At level 4 we go even further. Imagine an AI recruiter (Paradox does this) that could email a hiring manager and his team, gain feedback and requirements on a job and role, consolidate input, and create a total description. This Agent could then review this job against the company culture and pay policies, compare the job against similar jobs in the external market, and tweak the level, job title, and description to be competitive. And then it could start sourcing, and give the hiring manager and human recruiter a set of candidates ranked by various criteria.

That process, which takes dozens of steps for a recruiter, could be fully automated and vastly improved. The Agent could even look at prior hires and get even smarter about who to source based on the success of other candidates.

Now the human job is to “train” and “monitor” and “manage” this AI Agent, who has effectively become a digital employee. (Note: Salesforce is doing a terrific job of building this out for sales and service.)

The Rise of the SuperWorker

Our thesis is that AI is not a “job-replacement” technology, it’s a “SuperWorker empowerment” technology.

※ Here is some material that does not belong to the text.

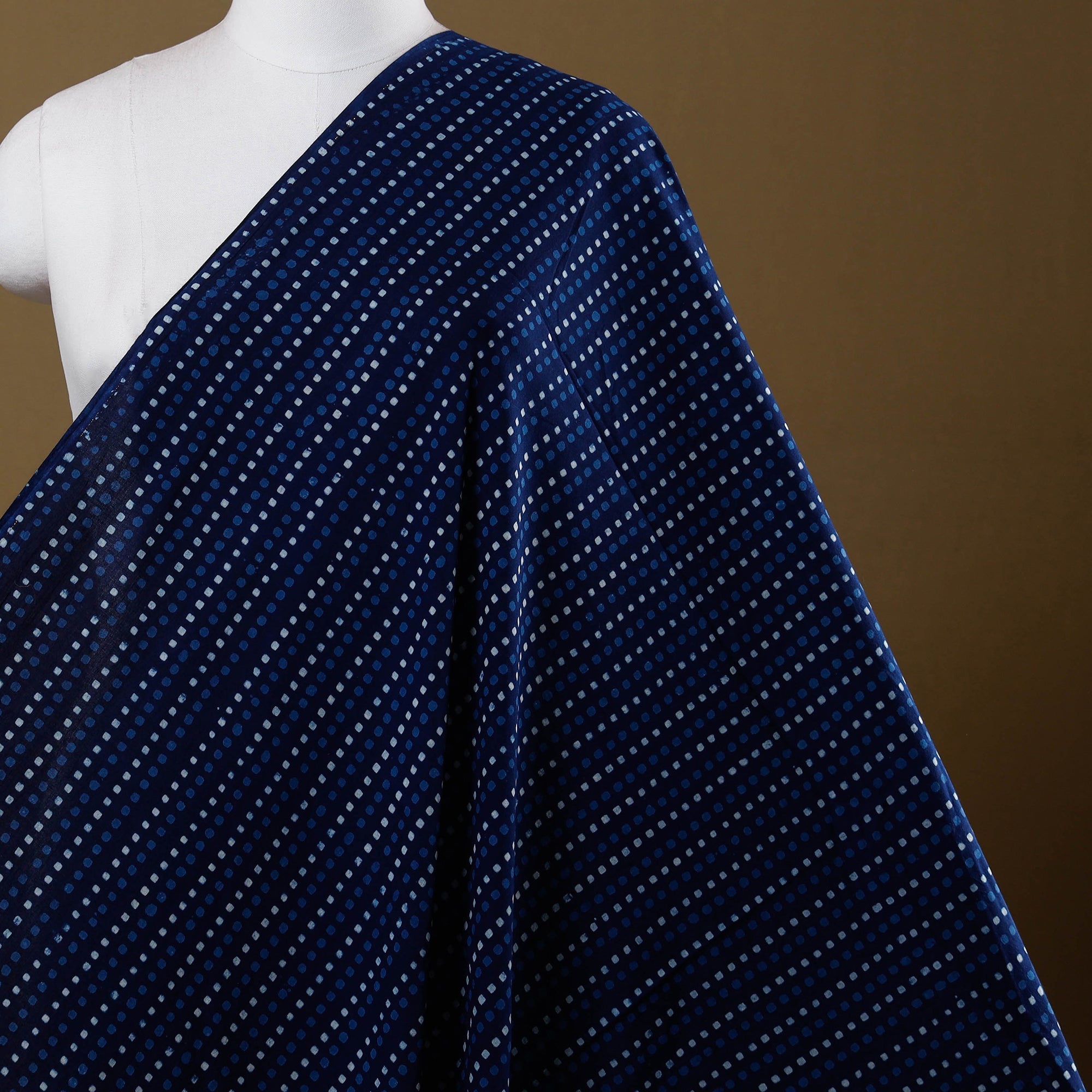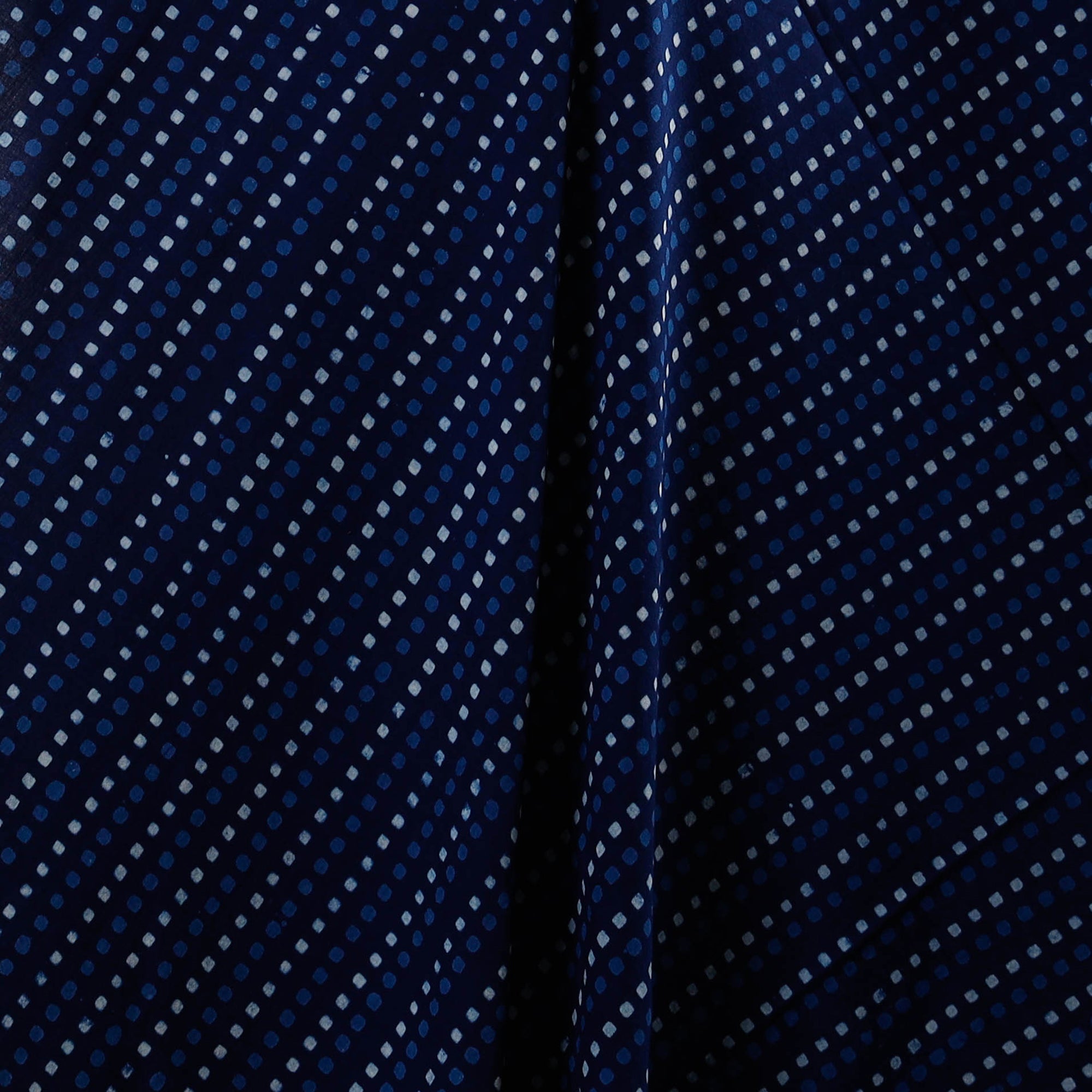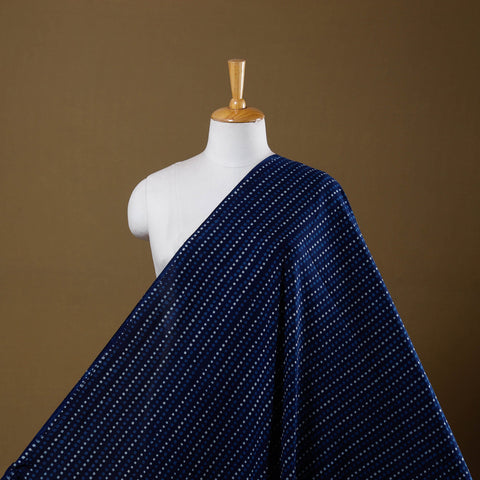 Blue pipad block-printed cotton fabric by Chhipa Yasin Shahabuddin from Rajasthan. It is made using the traditional Pipad printing method, where artisans hand-carve wooden blocks and print each motif by pressing the block firmly onto the cotton surface. The design is built layer by layer, and the fabric is washed and dried after each stage. This method gives pipad prints their distinct look and makes the fabric suitable for anyone who prefers textiles created through practiced printing techniques.
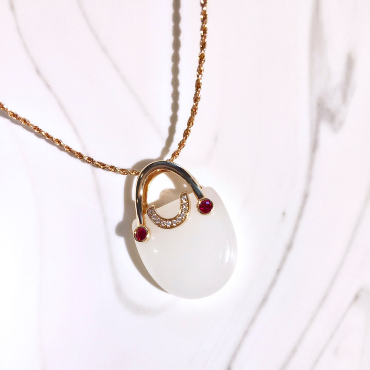 18k玫瑰金和田玉(白玉)吊坠

In other words, most of these scenarios result in higher value jobs, higher pay, and value creation (not cost reduction) in the business.



This is happening fast.

We’re in the middle of a big study in this area and I’ll be explaining this more in our upcoming 2025 Predictions report. The upside of all this will be new and higher paying jobs, faster response to business change, but a lot of IT, design, and data management to do. But based on our research, this is coming soon.